A stylish way to learn about Frida Kahlo and Ada Lovelace
Ask any American child to draw a scientist, and they’ll probably give you a white dude wearing glasses. That’s not a generalization, that’s published scientific fact.
"If you look at the statistics, little girls show huge interest in science and mathematics courses when they're really young, but that drops off once they're exposed to the gender stereotypes and roles they see in the media," says entrepreneur Alissa Lentz. She just launched a Kickstarter campaign for Hero New York, a line of kid-focused gender-neutral backpacks and pencil cases.

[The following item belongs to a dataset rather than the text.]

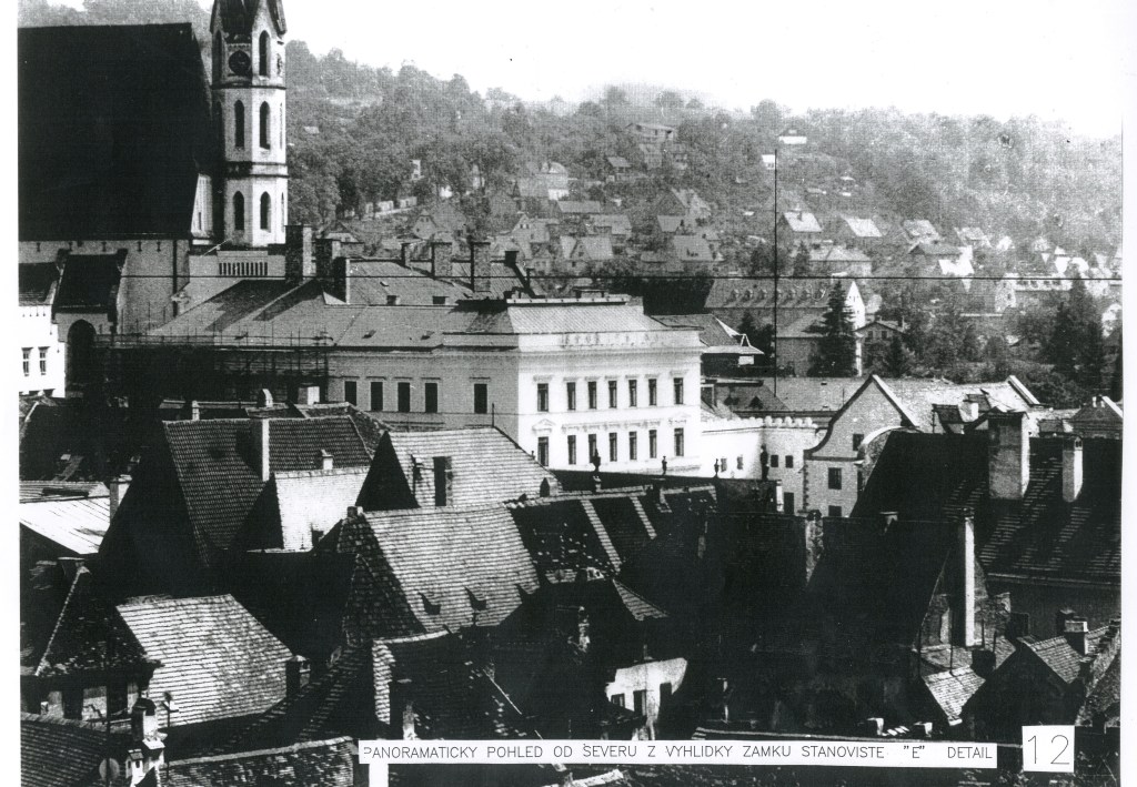 Krumlov, který snad i svůj název odvozuje od meandru Vltavy, protékající městem " v křivém toku " je neopakovatelným urbanistickým celkem, neuvěřitelně dochovaným. Zbylé plochy v těsných pohledových návaznostech na historické centrum byly předmětem zájmu města o využití těchto jeho pozemků. Tak tomu bylo i s prostorem tak zvaného pátého meandru, kde zastupitelstvo chtělo velmi zajímavě experimentovat se stavebním souborem dvou separovaných funkcí – domova pro seniory a mateřskou školkou ve vzájemném vizuálním kontaktu obou provozů. Požadovaný program byl však natolik rozsáhlý, že ukázal jeho neúnosnost právě v těchto fotografických vedutách. Z programu díky tomuto elaborátu sešlo, byl realizován pouze domov pro seniory, na zcela jiném místě, jiným projektantem a ve skromnějších kapacitách – jeho řešení bylo i vysoce a oficiálně oceněno.
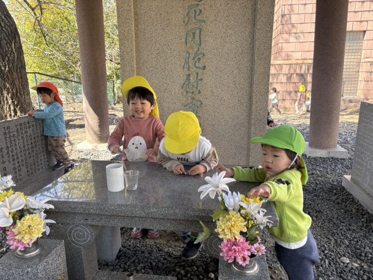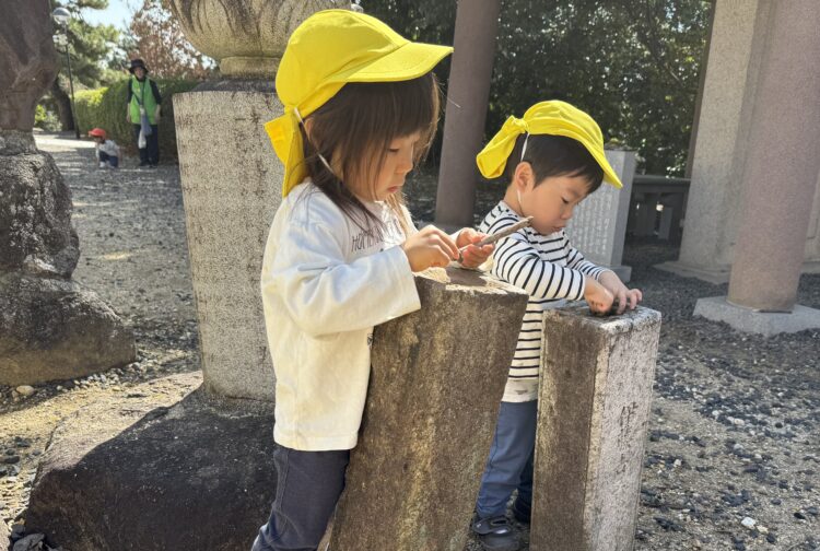 今日はうさぎ組さんとそら組さんで舎利殿にお散歩に行きました!

The concept is double-barrelled: Each bag is designed to be worn by both girls and boys (full disclosure: I just ordered one for my son in a pink-heavy pattern called “flamingo”) and will come with one of three cards featuring a historical hero. For the campaign launch, Lentz announced the first three: abolitionist Frederick Douglass, artist Frida Khalo and mathematician Ada Lovelace.
Lentz says the trading cards—although it’s hard to imagine a world where they’re actually traded—will come with a quote from or historical fact about the hero on the back. "I prefer to be true to myself, even at the hazard of incurring the ridicule of others,” says Frederick Douglass on his. Lentz wanted to include a female scientist, which is why she included Lovelace, calling her “essentially the first computer engineer.”
The logic behind the company comes from a personal story, says Lentz. After moving to the U.S. with her family from Russia, Lentz was bullied as a child for not speaking English. At one point, she stopped talking at school entirely. "Some of my earliest childhood memories are of wanting to speak, but literally not having the words to do so," she says. "I had internalized this constant state of self-doubt.”
Before she switched schools, a friend doodled a cartoon in her backpack as an encouragement, which she says acted as a kind of security blanket. While taking a social entrepreneurship course in college, the memory came back to her, and she wrote a business plan inspired by the concept.
Part of each sale will go to High School of the Fashion Industries, a Manhattan school where 76% of students live below the poverty line but 91% graduate and 82% continue to college, says Lentz. She plans to volunteer her time this year teaching a business and design course at the school.
While surveying parents and babysitters for what they were looking for in a school backpack, Lentz says she heard the same thing again and again: gender neutrality. “It was something really important to them but difficult to do. If you walk into [a store], it's always pink for girls and blue for boys. Or you go online, and you have to sort products by 'girl colors' and 'boy colors'."
If she can help kids to act like themselves, less tethered by gender or societal expectations of what they want to be, Lentz says she’ll be pleased. “It's very freeing, when kids act and behave like they want to, not how they're supposed to,” she says. “If you see it, you can be it.”
If you need me, I’ll be over here fighting the patriarchy, one pink backpack at a time.